• **EXERCISE DETAILS**: Set down the full listing exactly as given. Any pictures are to be left out.

• **DATA SECTION**:

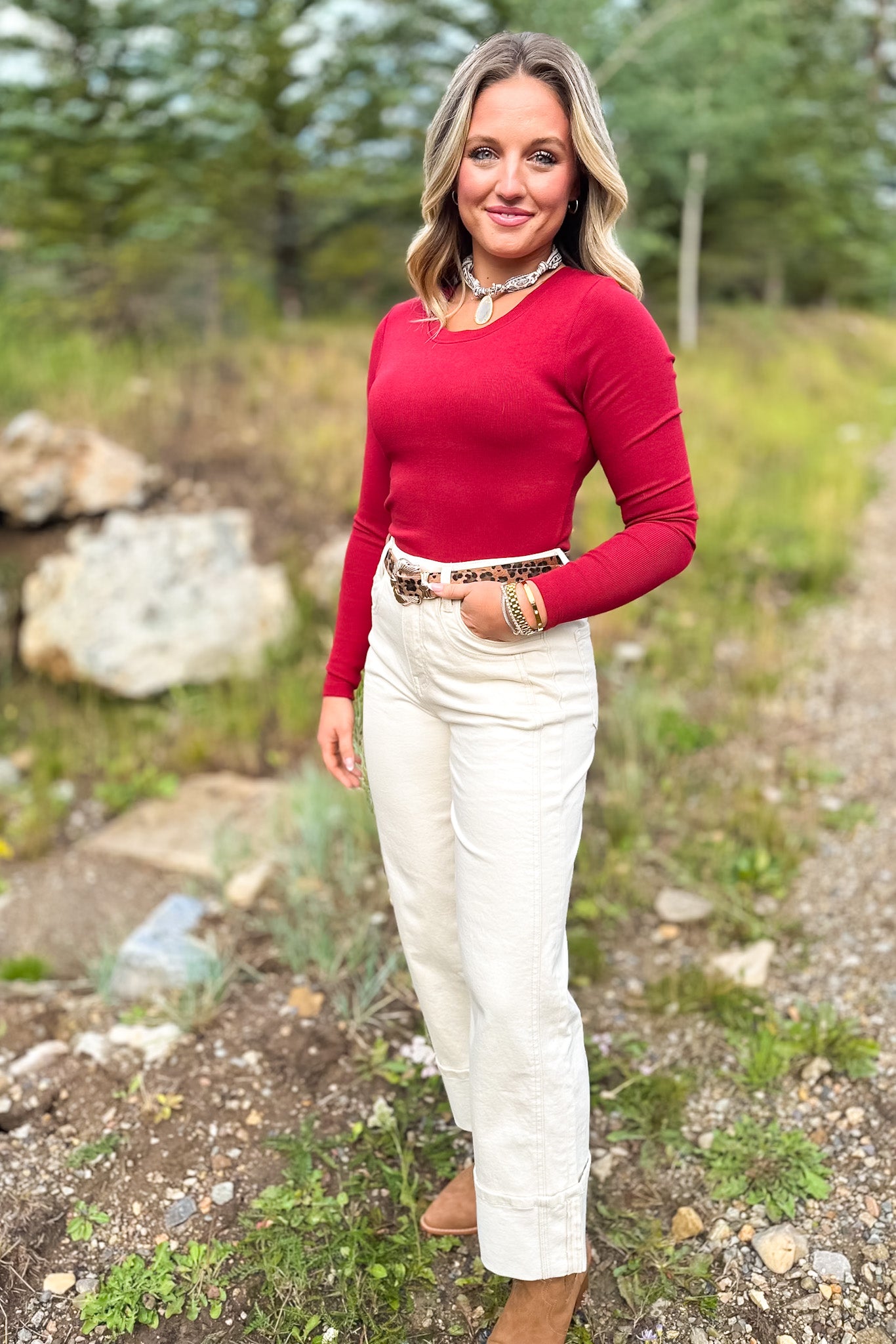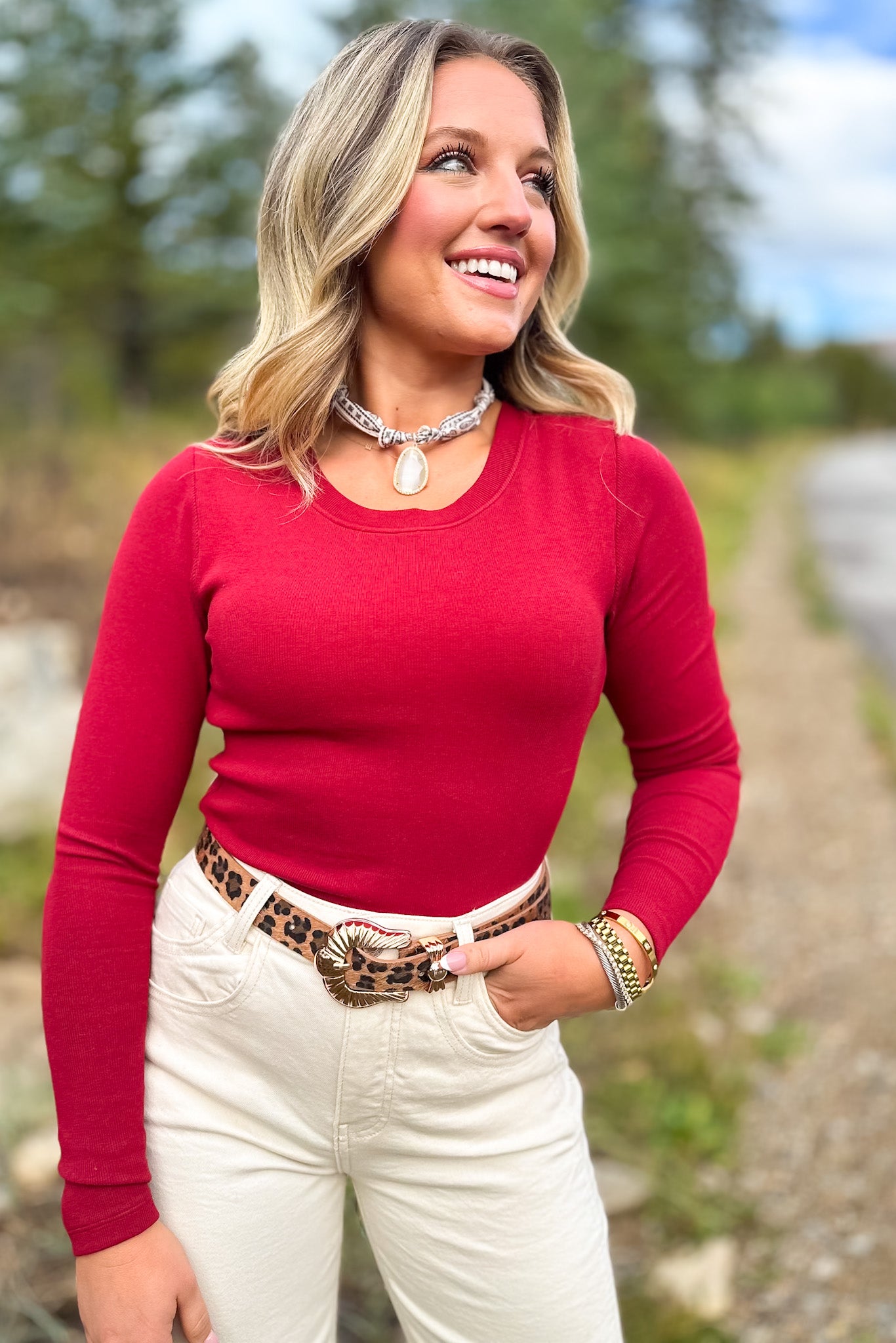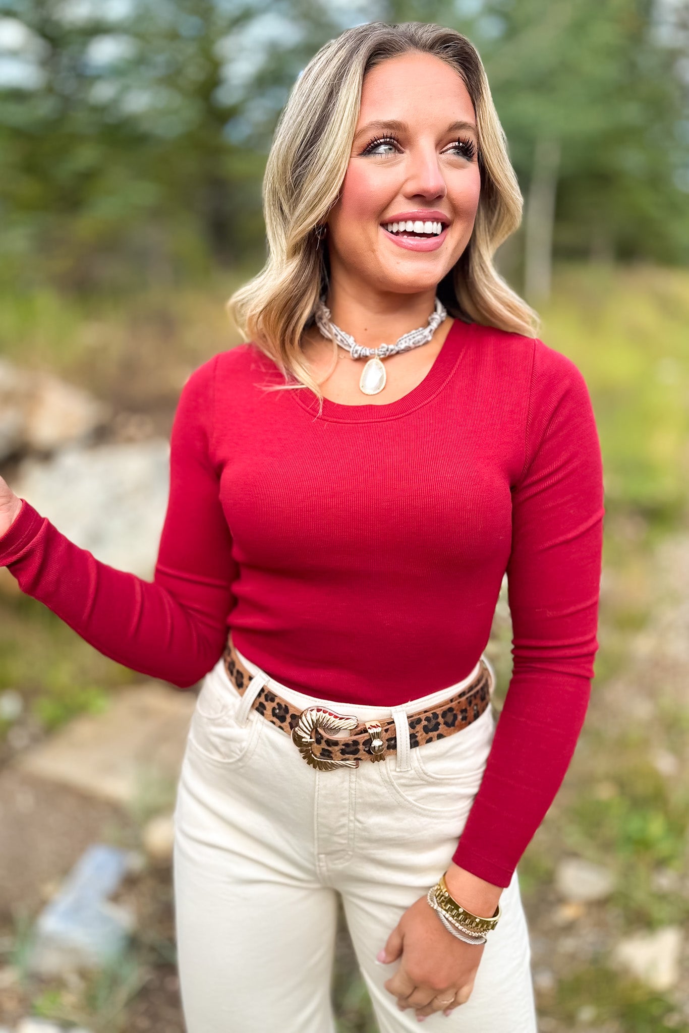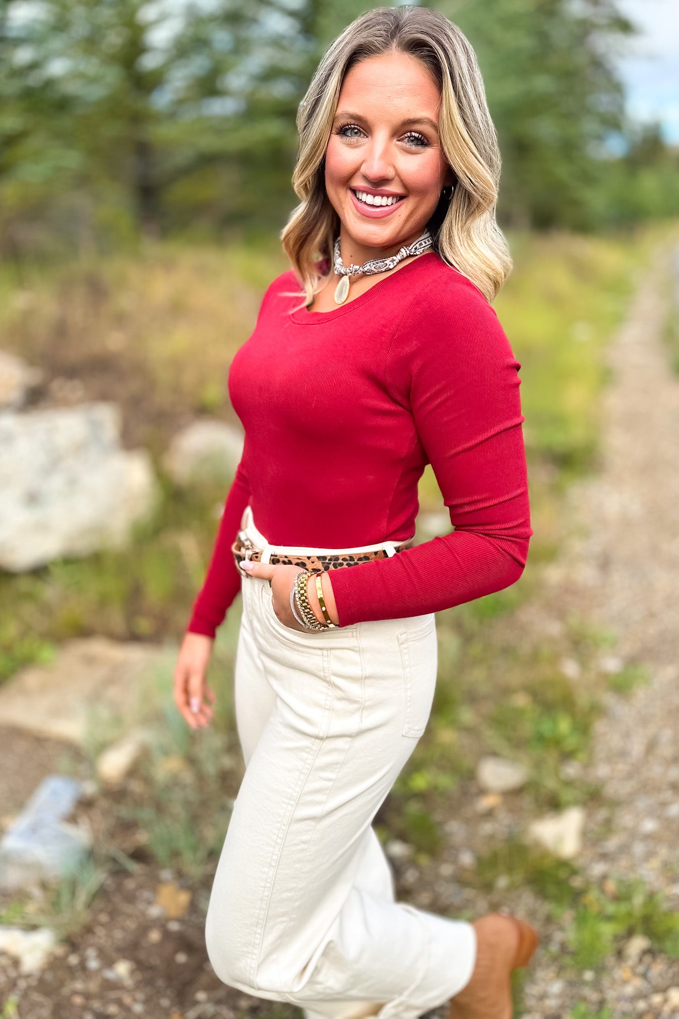 A true wardrobe essential, the Ribbed Crew Neck Long Sleeve Top in Maroon by SSYS The Label combines timeless simplicity with elevated comfort. Made from a soft ribbed knit with a touch of stretch, this fitted top flatters the figure while allowing for easy movement. Plus, the built in bra makes this an essential in your closet. The classic crew neckline and sleek long sleeves make it a versatile piece you’ll reach for again and again.
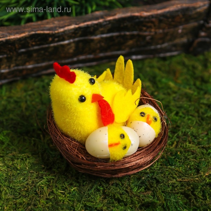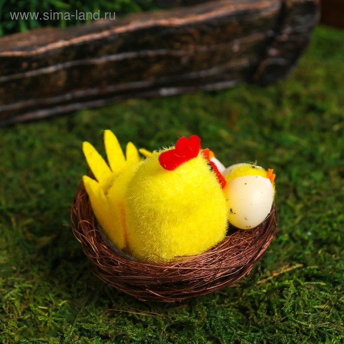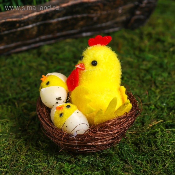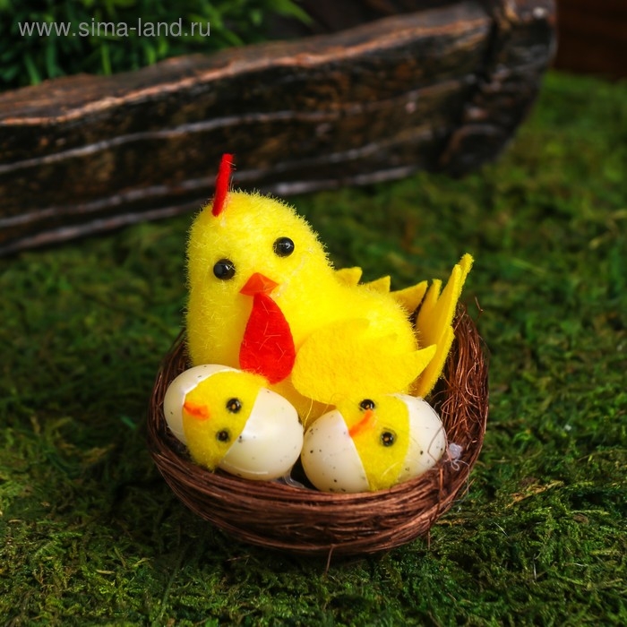 Сувенир пасхальный "Петушок с цыплятами в гнезде" 7х7х7 см
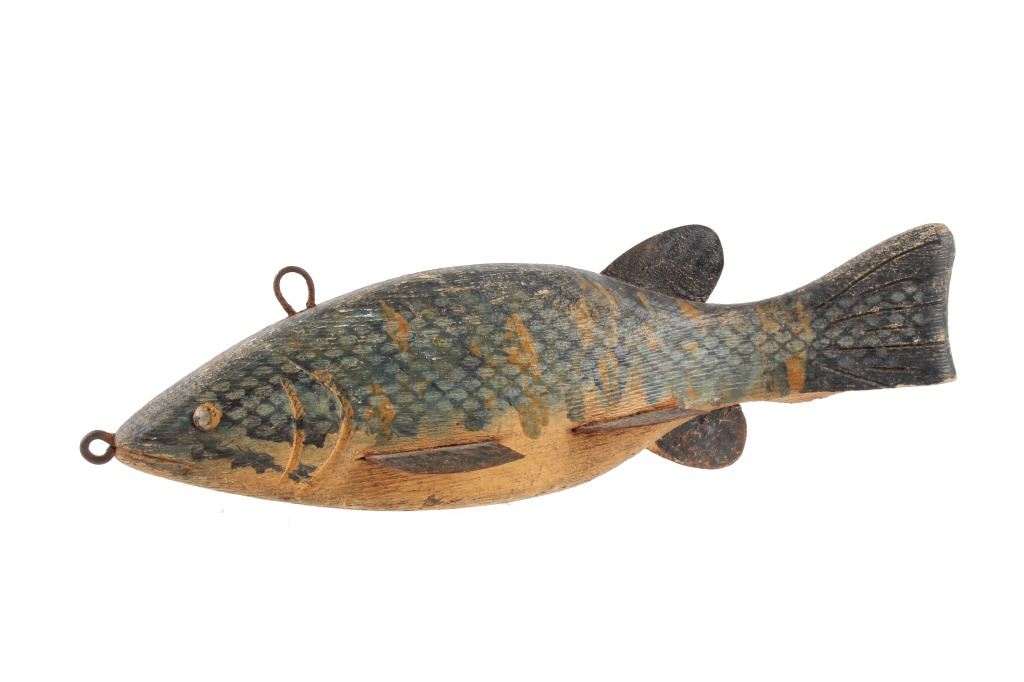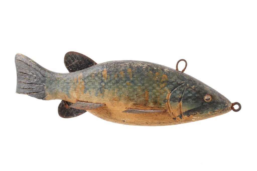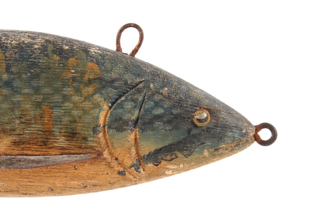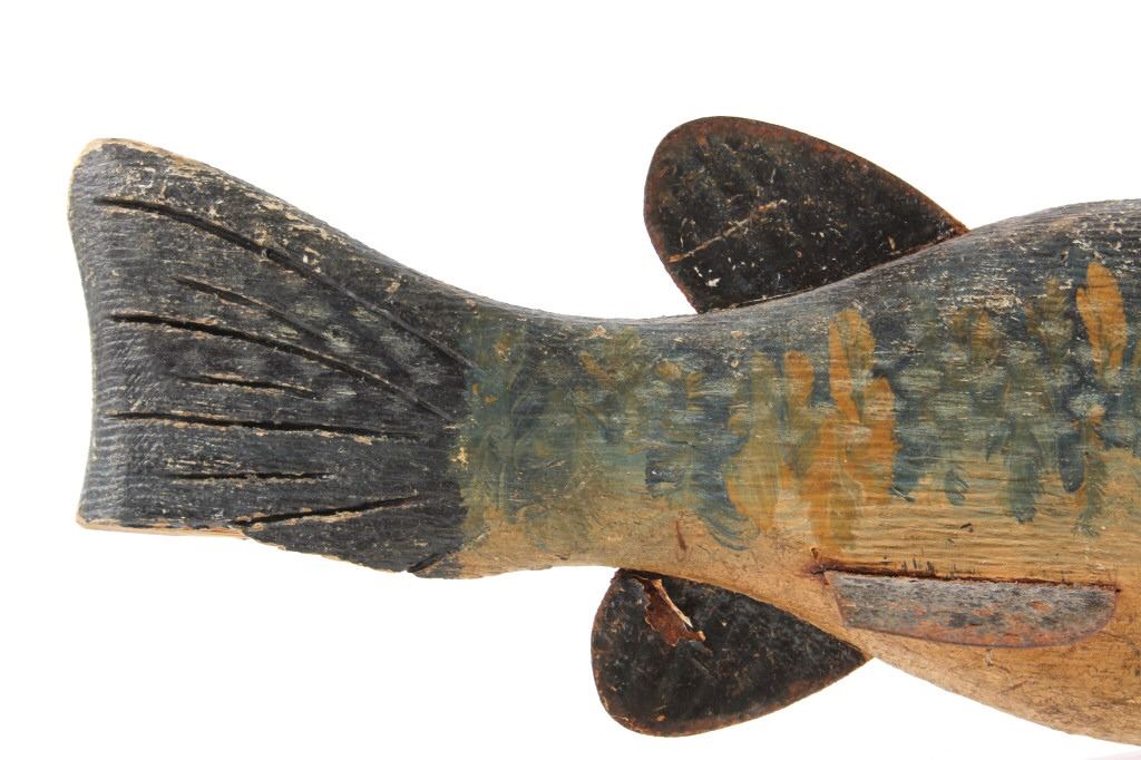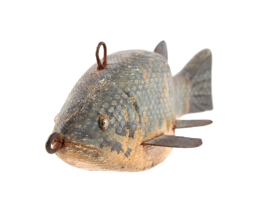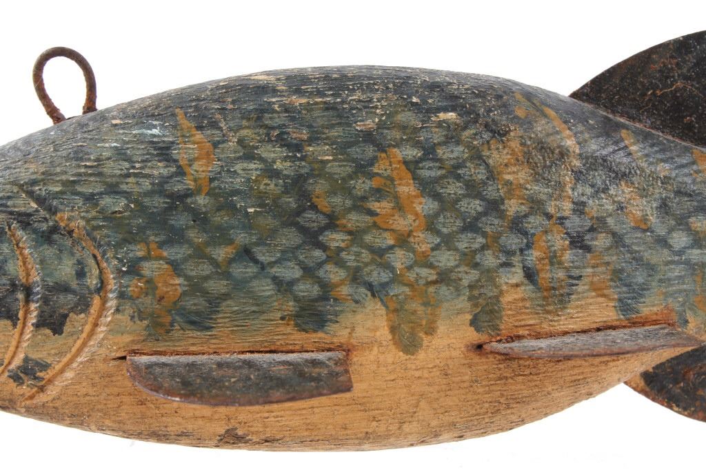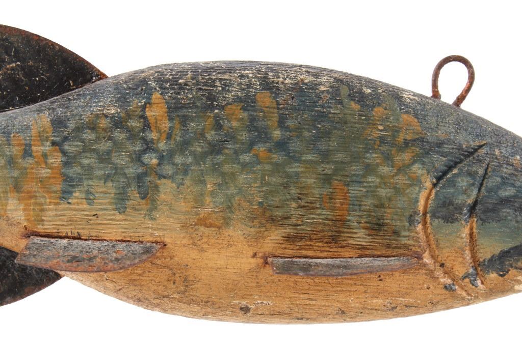 For your consideration hand carved and painted fishing spear decoy circa early 1900's. The fishing spear shows hand painted construction and hand carved construction with good coloration and decoration to the fishing decoy. The condition of this fishing spear is good with very little wear tot he paint on the decoy with some oxidation to the iron rings on the top and front of the fishing spear with a slight chip to the bottom of the tail of the fish.

• **EXERCISE RESULT**:
 A true wardrobe essential, the Ribbed Crew Neck Long Sleeve Top in Maroon by SSYS The Label combines timeless simplicity with elevated comfort. Made from a soft ribbed knit with a touch of stretch, this fitted top flatters the figure while allowing for easy movement. Plus, the built in bra makes this an essential in your closet. The classic crew neckline and sleek long sleeves make it a versatile piece you’ll reach for again and again.
 Сувенир пасхальный "Петушок с цыплятами в гнезде" 7х7х7 см
 For your consideration hand carved and painted fishing spear decoy circa early 1900's. The fishing spear shows hand painted construction and hand carved construction with good coloration and decoration to the fishing decoy. The condition of this fishing spear is good with very little wear tot he paint on the decoy with some oxidation to the iron rings on the top and front of the fishing spear with a slight chip to the bottom of the tail of the fish.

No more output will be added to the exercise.